Wiki-M3L: Wikipedia and Multi-Modal & Multi-Lingual Research

Co-located with ICLR 2022

This is the website for the Wiki-M3L: Wikipedia and Multi-Modal & Multi-Lingual Research workshop that will take place virtually on the 29th of April 2022, virtually, as part of the International Conference on Learning Representations (ICLR) 2022. Here you can find all important dates, the call for papers as well as the list of invited speakers and the program of the workshop.

Motivation

A space for the Wikipedia community and the multimodal & multilingual research community to share and support each other.

In the broader AI research community, Wikipedia data has been utilized as part of the training datasets for (multilingual) language models like BERT for many years. However, its content is still a largely untapped resource for vision and multimodal learning systems.
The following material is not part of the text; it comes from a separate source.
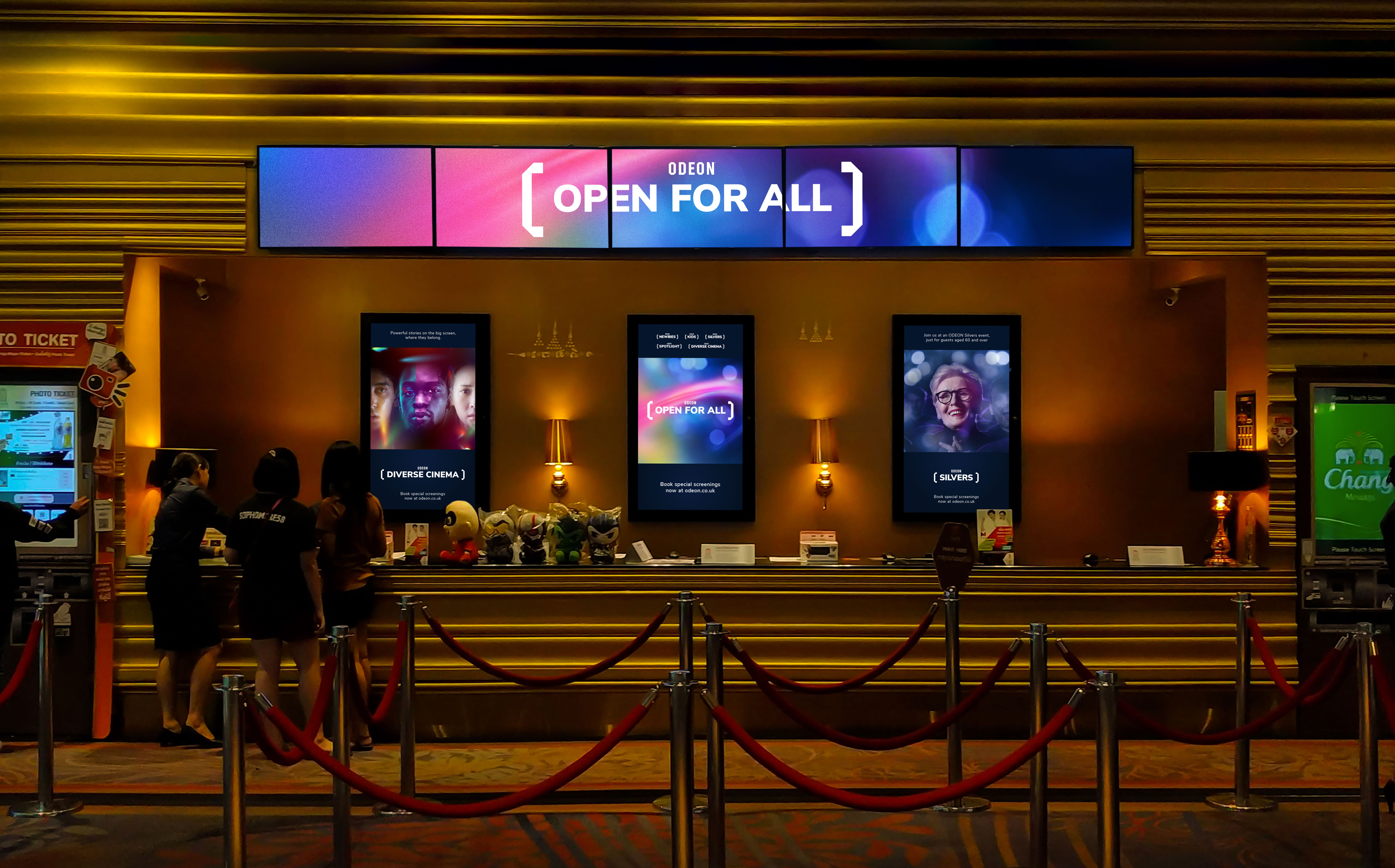 ODEON offers several different screenings which needed a design system to unite them and bring awareness to their philosophy – open for all.

We believe that Wikipedia, as a huge source of multimodal and multilingual human knowledge on almost every subject (English Wikipedia contains more than 5M images, with captions and structured related text, while there exists 35 languages with more than 100K images) could help widen the scope and improve accuracy and inclusiveness of multimodal models and their applications.

At the same time, the Wikimedia community of volunteers could greatly benefit from recent progresses in multimodal AI technologies, especially in cases where resources are scarce, such as low-resource languages. Most research using Wikipedia data does not currently take the needs of the community who creates that data into account.

With this workshop we are trying to create a bridge between the Wikipedia communities and the ICLR research communities. This would not only ensure the reuse of research findings, but also create an incentive for Wikipedians to work more closely with researchers for data creation. Researchers in the ICLR disciplines can find in the Wikimedia community a source of inspiration for new challenging tasks and research problems that can support free knowledge and its dissemination. Learning from these often unheard voices would allow researchers to contribute back to Wikipedia, by developing tools to help editors semi-automatically produce, curate, and modify content. Suggesting relevant images for articles in multiple languages, together with an appropriate caption is one such example among many.

The Wikipedia Image/Caption Matching Competition

Beside invited talks and panel discussions, our workshop will feature a session on the top solutions of the Wikipedia Image/Caption Matching Competition,1 a large-scale challenge on multilingual, multimodal image-text retrieval that is currently ongoing. Using the publicly available Wikipedia-based Image Text (WIT) dataset (Srinivasan et al., 2021), which contains 37 million image-text sets across 108 languages, we will be setting up a benchmark task with a disaggregated set of performance, fairness, and efficiency metrics.

More information and data can be found in the corresponding Wikimedia blog post and Kaggle page.

Important Dates

Paper submission deadline: ~~25 February 2022~~ 16 March 2022

Accept/Reject Notification Date: 25 March 2022

Workshop: April 29, 2022 (virtual)

Organizers

Miriam Redi (Wikimedia Foundation)
Diane Larlus (NAVER LABS Europe)
Krishna Srinivasan (Google Research)
Yannis Kalantidis (NAVER LABS Europe)
Tiziano Piccardi (EPFL)
Lucie-Aimée Kaffee (University of Copenhagen)
Stéphane Clinchant (NAVER LABS Europe)
Yacine Jernite (Hugging Face)